Work task. Give back exactly the lines of the entries below from the line with "1.고급스러운 퍼플 컬러와 앞판 X 스트링 포인트로 섹시함을 강조한 제품." to the line with "Cvetkovic, Vladimir; Poteri, Antti;", inclusive, and only those.

Exercise material.
--------------------------------

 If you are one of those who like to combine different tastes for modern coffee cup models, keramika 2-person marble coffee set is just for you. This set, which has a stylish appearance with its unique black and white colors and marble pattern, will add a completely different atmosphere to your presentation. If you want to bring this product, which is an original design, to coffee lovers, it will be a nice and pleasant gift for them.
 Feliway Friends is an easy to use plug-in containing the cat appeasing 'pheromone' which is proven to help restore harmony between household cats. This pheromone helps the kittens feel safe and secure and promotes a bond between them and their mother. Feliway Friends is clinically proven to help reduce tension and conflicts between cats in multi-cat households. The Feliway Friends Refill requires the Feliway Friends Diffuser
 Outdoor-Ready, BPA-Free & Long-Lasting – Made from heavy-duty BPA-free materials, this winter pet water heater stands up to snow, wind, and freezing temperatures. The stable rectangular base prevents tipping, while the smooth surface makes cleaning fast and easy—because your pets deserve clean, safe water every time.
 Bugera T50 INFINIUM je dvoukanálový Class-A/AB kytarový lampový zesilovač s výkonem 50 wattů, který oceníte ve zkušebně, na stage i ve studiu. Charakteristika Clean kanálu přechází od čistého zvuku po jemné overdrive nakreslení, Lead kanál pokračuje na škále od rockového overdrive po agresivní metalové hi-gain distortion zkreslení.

--------------------------------

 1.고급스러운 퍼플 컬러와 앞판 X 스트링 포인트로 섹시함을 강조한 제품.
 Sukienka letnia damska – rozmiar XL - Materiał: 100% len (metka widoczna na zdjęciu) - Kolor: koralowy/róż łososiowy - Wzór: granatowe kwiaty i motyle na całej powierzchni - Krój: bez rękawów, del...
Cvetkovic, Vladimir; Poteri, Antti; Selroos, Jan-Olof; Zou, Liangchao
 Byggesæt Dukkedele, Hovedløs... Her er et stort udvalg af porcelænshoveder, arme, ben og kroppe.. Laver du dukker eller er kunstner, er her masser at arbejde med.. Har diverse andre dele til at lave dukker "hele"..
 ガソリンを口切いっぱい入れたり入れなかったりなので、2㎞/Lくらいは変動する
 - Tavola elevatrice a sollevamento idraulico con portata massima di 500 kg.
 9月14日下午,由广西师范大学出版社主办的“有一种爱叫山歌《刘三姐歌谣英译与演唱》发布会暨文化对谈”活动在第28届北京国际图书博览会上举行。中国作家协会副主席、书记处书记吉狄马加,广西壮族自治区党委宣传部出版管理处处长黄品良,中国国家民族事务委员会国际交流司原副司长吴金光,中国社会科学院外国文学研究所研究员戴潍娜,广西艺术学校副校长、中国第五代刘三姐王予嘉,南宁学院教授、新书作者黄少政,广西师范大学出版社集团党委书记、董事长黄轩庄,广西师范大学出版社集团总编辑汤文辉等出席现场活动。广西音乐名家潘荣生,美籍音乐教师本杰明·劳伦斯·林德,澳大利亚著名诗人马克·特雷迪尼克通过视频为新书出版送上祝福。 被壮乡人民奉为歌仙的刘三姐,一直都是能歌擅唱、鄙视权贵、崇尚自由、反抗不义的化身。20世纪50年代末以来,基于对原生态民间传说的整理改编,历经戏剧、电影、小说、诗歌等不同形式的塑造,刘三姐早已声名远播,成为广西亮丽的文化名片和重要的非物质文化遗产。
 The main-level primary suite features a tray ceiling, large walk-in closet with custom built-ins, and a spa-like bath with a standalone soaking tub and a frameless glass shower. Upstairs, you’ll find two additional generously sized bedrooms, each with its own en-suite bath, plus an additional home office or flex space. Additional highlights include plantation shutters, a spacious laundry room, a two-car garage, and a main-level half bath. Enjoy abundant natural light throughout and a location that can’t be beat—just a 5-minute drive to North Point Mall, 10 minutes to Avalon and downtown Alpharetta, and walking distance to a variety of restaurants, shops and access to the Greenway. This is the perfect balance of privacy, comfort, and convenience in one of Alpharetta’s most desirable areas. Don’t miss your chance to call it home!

--------------------------------

Answer to the problem.
 1.고급스러운 퍼플 컬러와 앞판 X 스트링 포인트로 섹시함을 강조한 제품.
 Sukienka letnia damska – rozmiar XL - Materiał: 100% len (metka widoczna na zdjęciu) - Kolor: koralowy/róż łososiowy - Wzór: granatowe kwiaty i motyle na całej powierzchni - Krój: bez rękawów, del...
Cvetkovic, Vladimir; Poteri, Antti; Selroos, Jan-Olof; Zou, Liangchao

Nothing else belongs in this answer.